In spite of the advantages of the above-indicated screw threads with a load-bearing flank having a negative angle of inclination, the use thereof is greatly limited as they are particularly difficult to produce. In the case for example which involves machining the negative flank by turning, using a cutting tool, the cutting tool has a cutting edge whose end forms an acute angle and is therefore particularly fragile. In addition, at the root of the screw thread, the conditions involved in removal of the turnings are difficult and the surface condition produced is poor. Moreover, it is not possible to produce such screw threads by rolling as the rolling rollers used must be of the configuration of the groove to be produced and therefore do not permit operation in an undercut configuration. Experience has shown that the use of rollers whose sides have zero angles of inclination does not make it possible to produce square screw threads, but only screw threads which have a positive angle of inclination of a few degrees.
Research was carried on into the possibility of developing a method for producing helical screw threads in which the threads have a load-bearing flank with a negative inclination as well as an excellent surface condition, in particular in the region in which the negative flank is joined to the root of the screw thread. The attempt was also made to provide a method of achieving such a result, which is simple, quick and economical.
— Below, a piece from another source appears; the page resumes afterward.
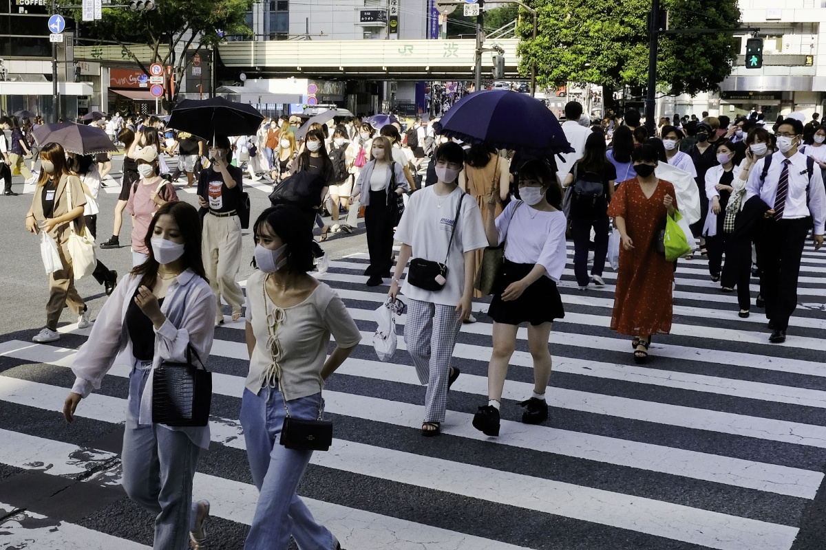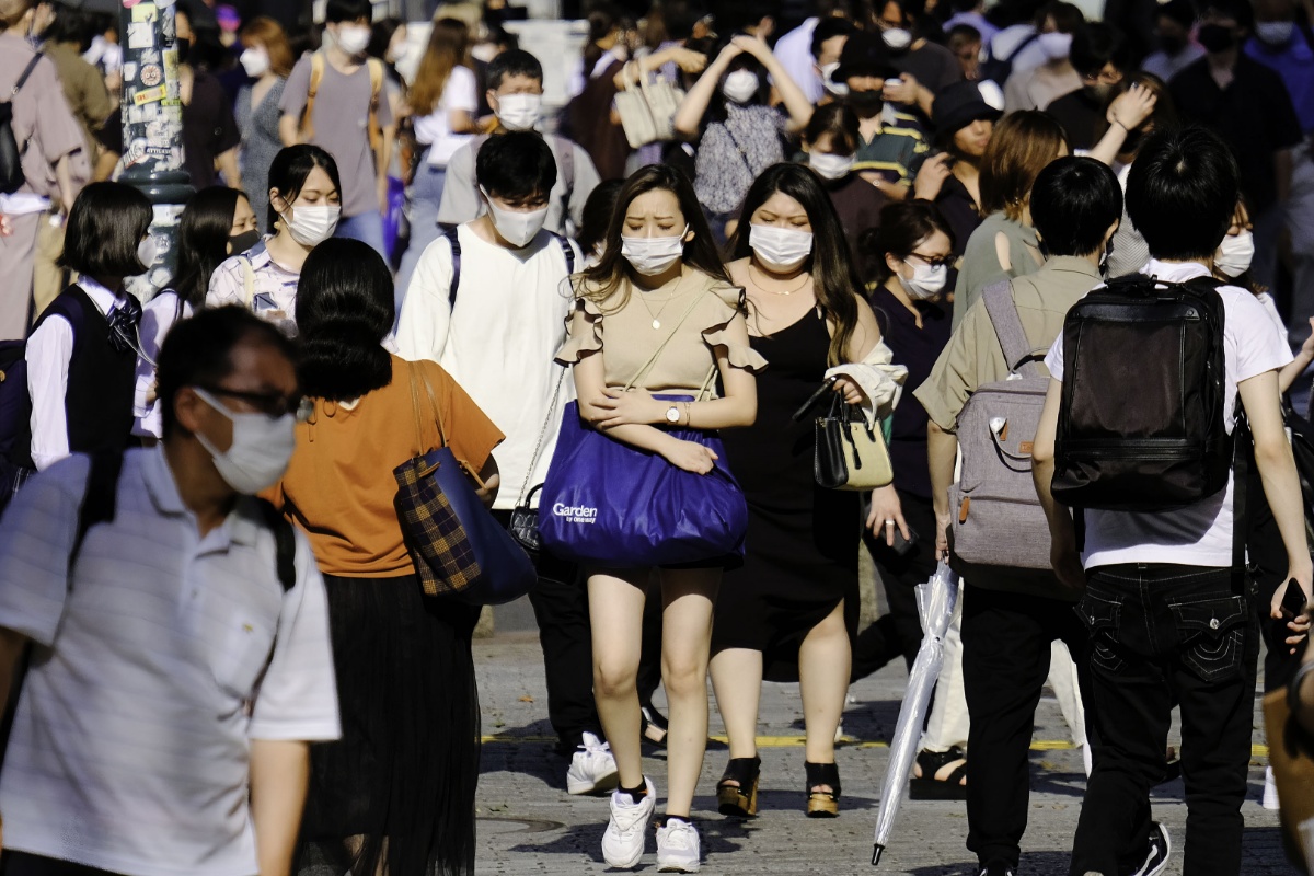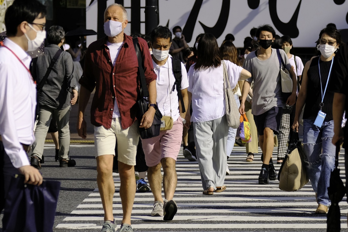 当地时间2021年8月10日报道,日本东京,新冠疫情严峻,民众戴着口罩在街头行走。

The process for producing helical screw threads having a flank with zero or negative inclination on the outside wall of rotationally symmetrical bodies and also on the inside wall in the case of hollow rotationally symmetrical bodies, being the subject-matter of the invention, comprises, in a first phase and using a method such as machining, rolling or the like, producing a helical screw thread in which the opposite flanks of each thread both have positive inclination. A second phase involves producing, by a forming means, on the flank of the screw thread which in use will be loaded, plastic deformation without the removal of material, in the course of which the inclination of said flank is made zero or negative. The forming means used is preferably a rotationally symmetrical roller which is mounted freely rotatably about an axis which is inclined at an angle of between 10° and 80° with respect to a plane perpendicular to a radius of the rotationally symmetrical body, said radius intersecting the screw thread root in the vicinity of the region in which the roller bears against the screw thread flank.
Advantageously, the generatrix of the edge of the roller, which bears against the screw thread flank, forms an angle of between 0° and -30° with a line parallel to that same radius of the rotationally symmetrical body. Preferably, the axis of the roller is in a plane perpendicular to a tangent to the helix of the screw thread, in the region in which the roller bears against the screw thread flank. By causing the axis of the roller to rotate with a relative movement in a helix around the rotationally symmetrical body and by maintaining the edge of the roller in a condition of bearing against the flank of the thread, a plastic deformation of the flank, is obtained, the generatrix of which being applied to that of the roller and therefore assuming a zero or negative inclination which is preferably between 0° and -30° . Advantageously, the generatrix of the edge of the roller which produces the plastic deformation of the flank of the thread is connected to a second forming or shaping region whose generatrix bears against the outside edge of the thread. Advantageously also, those two generatrices are at an angle of about 50° to 100° to each other. It is thus possible to control the profile of the bead or enlarged portion which tends to be formed by plastic deformation at the outside edge of the screw thread in the course of forming the screw thread flank by means of the roller. It is also possible to control the profile of the above-mentioned bead, or remove it, by any suitable method such as turning machining, milling or the like. Advantageously also, a rounded profile is imparted to the end edge of the roller and a thrust force is applied to the roller, by means of the spindle on which it is freely rotatably mounted, the thrust force being sufficient for the profile of the end edge of the roller to be reproduced in the junction region between the root of the screw thread and the flank whose inclination has been changed.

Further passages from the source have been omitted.